Work instructions → Please write out every line of the listing without alteration, but omit the images.

Dataset section →
-- -- --

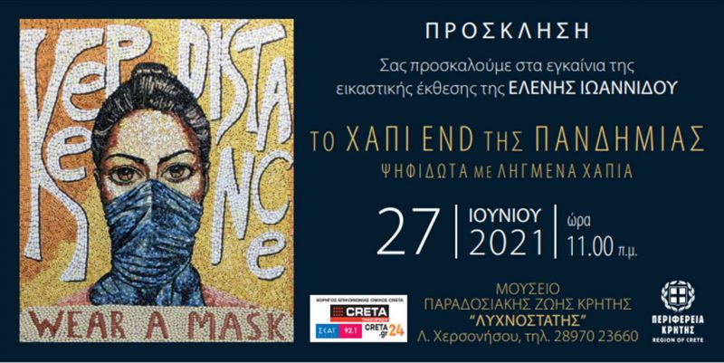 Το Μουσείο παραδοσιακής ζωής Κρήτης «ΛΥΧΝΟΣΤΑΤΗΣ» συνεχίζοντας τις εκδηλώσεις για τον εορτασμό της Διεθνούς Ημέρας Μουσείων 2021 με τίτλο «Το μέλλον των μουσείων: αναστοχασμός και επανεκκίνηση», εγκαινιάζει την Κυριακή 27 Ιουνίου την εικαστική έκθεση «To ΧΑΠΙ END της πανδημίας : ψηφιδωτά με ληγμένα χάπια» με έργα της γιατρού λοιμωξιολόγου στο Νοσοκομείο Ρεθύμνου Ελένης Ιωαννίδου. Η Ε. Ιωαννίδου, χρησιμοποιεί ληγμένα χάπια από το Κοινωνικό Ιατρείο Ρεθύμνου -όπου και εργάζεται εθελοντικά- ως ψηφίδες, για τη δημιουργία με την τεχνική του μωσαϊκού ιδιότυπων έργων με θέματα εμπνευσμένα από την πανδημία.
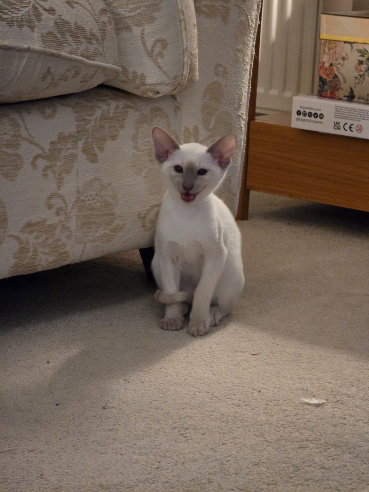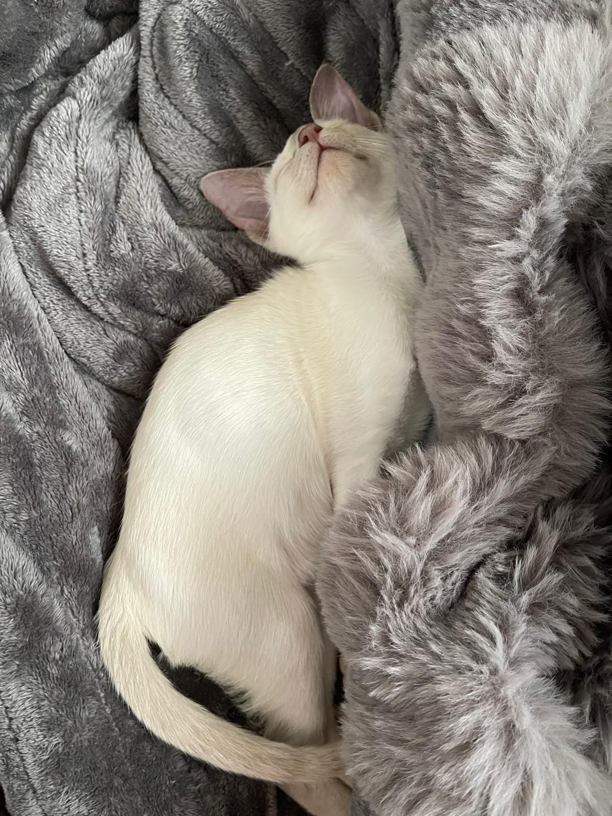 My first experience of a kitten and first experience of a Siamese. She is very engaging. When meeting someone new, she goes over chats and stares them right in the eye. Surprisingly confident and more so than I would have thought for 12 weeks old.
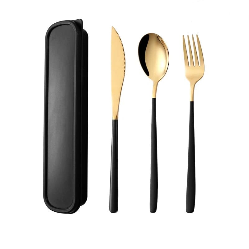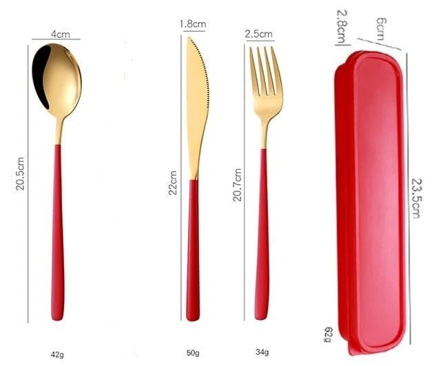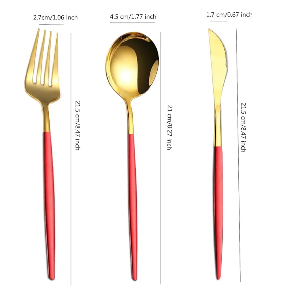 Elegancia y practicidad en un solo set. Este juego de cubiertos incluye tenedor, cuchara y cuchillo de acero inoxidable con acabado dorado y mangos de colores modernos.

-- -- --

Response area →
 Το Μουσείο παραδοσιακής ζωής Κρήτης «ΛΥΧΝΟΣΤΑΤΗΣ» συνεχίζοντας τις εκδηλώσεις για τον εορτασμό της Διεθνούς Ημέρας Μουσείων 2021 με τίτλο «Το μέλλον των μουσείων: αναστοχασμός και επανεκκίνηση», εγκαινιάζει την Κυριακή 27 Ιουνίου την εικαστική έκθεση «To ΧΑΠΙ END της πανδημίας : ψηφιδωτά με ληγμένα χάπια» με έργα της γιατρού λοιμωξιολόγου στο Νοσοκομείο Ρεθύμνου Ελένης Ιωαννίδου. Η Ε. Ιωαννίδου, χρησιμοποιεί ληγμένα χάπια από το Κοινωνικό Ιατρείο Ρεθύμνου -όπου και εργάζεται εθελοντικά- ως ψηφίδες, για τη δημιουργία με την τεχνική του μωσαϊκού ιδιότυπων έργων με θέματα εμπνευσμένα από την πανδημία.
 My first experience of a kitten and first experience of a Siamese. She is very engaging. When meeting someone new, she goes over chats and stares them right in the eye. Surprisingly confident and more so than I would have thought for 12 weeks old.
 Elegancia y practicidad en un solo set. Este juego de cubiertos incluye tenedor, cuchara y cuchillo de acero inoxidable con acabado dorado y mangos de colores modernos.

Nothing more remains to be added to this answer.